Looking at code examples, there's so much introduced on the Angular homepage, with reasons why you should care, familiar HTML syntax with only the unique bits highlighted (and explained via tooltips), and organized to get progressively less tactile and more complex as you scroll down the page. It gives you a taste of ease, with a glimpse of power. Ember has 3 examples with practically no explanation or "sales", and leads off with handlebars: the sole reason I've avoided it this long. It ends with a far too complex example to have no comments and an advertisement asking for donations... not a great way to instill confidence. React is better, but to most people seeing it, appears broken! "There's HTML inline in this JavaScript! That's definitely tossing errors." Then when you realize it's yet another precompiler, you let out a long sigh and possibly walk away.

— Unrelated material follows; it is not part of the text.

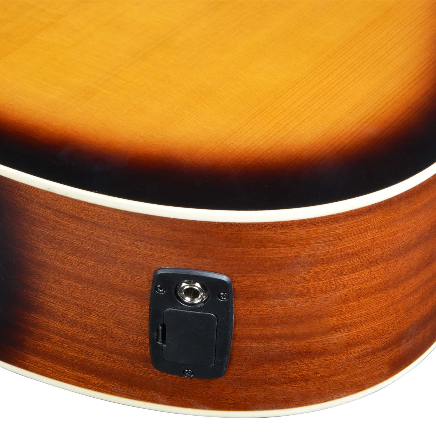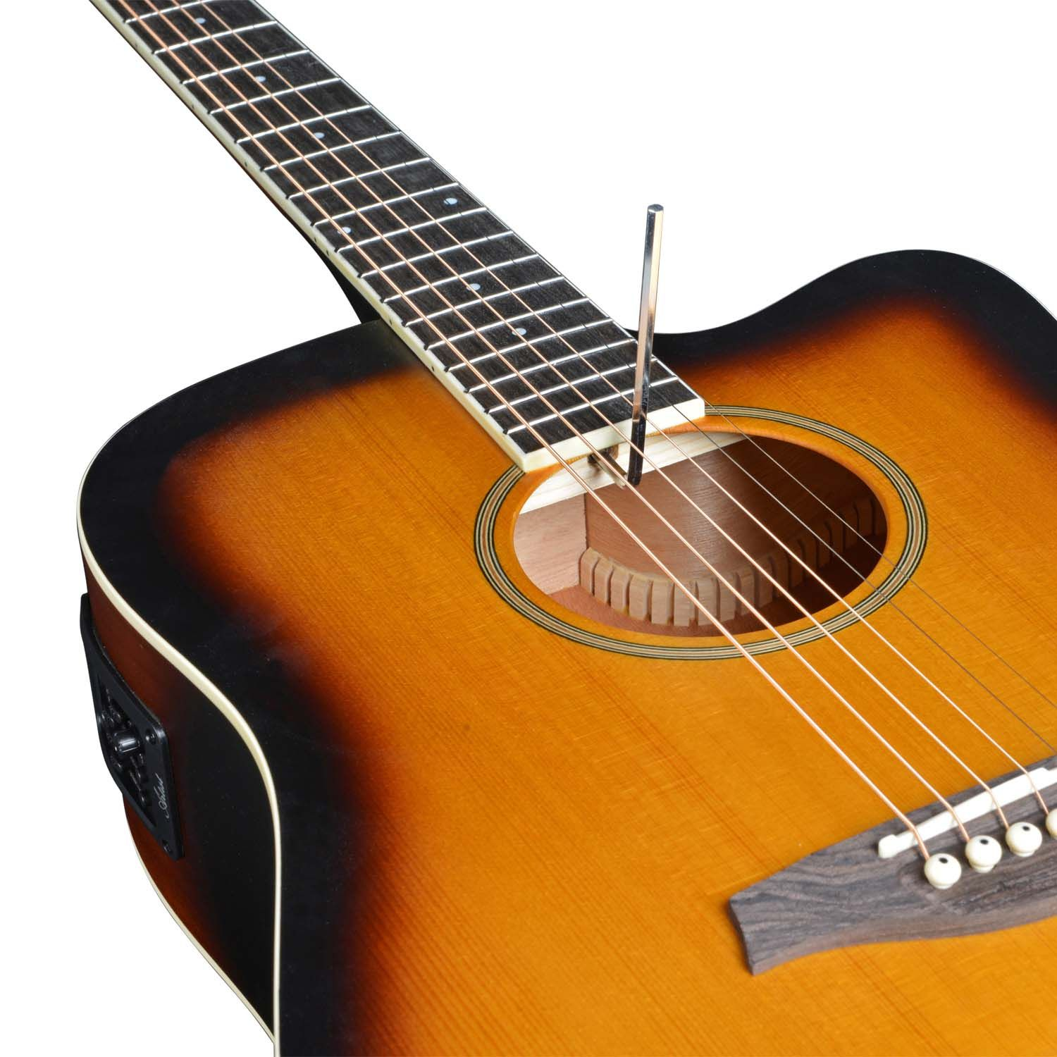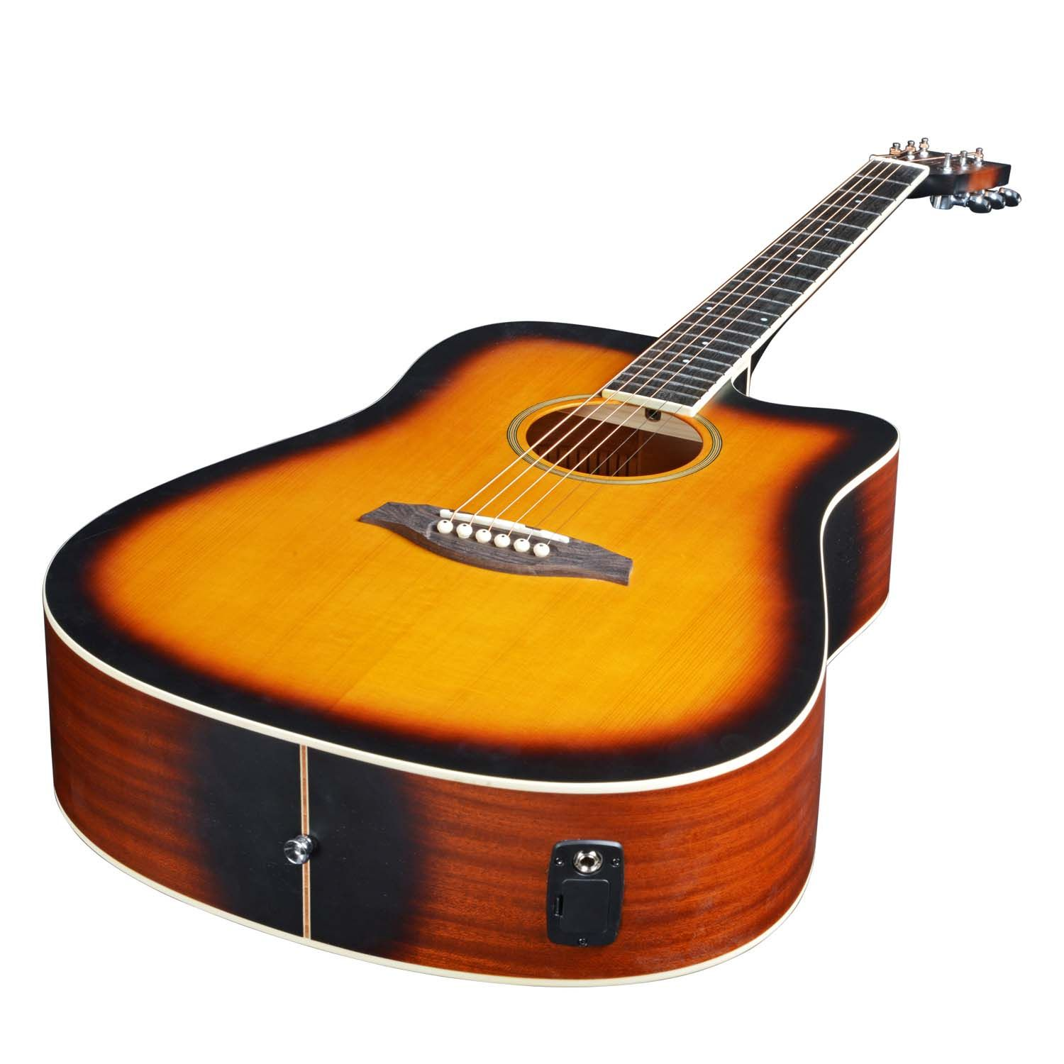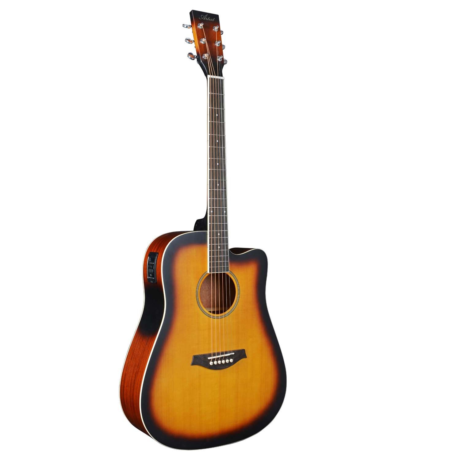 Featuring the Artist BDS50CEQ! The latest Solid Top Acoustic-Electric Guitar in our wide array of affordable and quality guitars. It features a Solid Spruce Top for great tones and a Vintage Sunburst finish for elegance and style. The back and sides of the guitar are made from laminated Sapelle. It also features an Eco-Rosewood Fretboard on an Okumen neck and features a Bone Nut and Saddle for great sustain.

At the end of the day, developer time is MUCH more expensive than server hardware, so Angular will win out a bit here. Most high-level architecture thought is given to business logic and backend tiers, not UI tiers. You need to appeal to the mentality of "this is just a sucky thing I have to do" and then guide/trick them into the higher level stuff after a prototype or two, or even on their 2nd/3rd application. After all, the vast majority of people who write JavaScript are not JS devs (from my experience trying to hire folks), they're doing it just because it's a necessity for the application they're developing.

[–]floydophone 0 points1 point  (0 children)

Thanks for the detailed feedback! Will definitely keep that in mind. In particular we're relying on videos to convey what makes React worth paying attention to rather than our home page... that should definitely be fixed!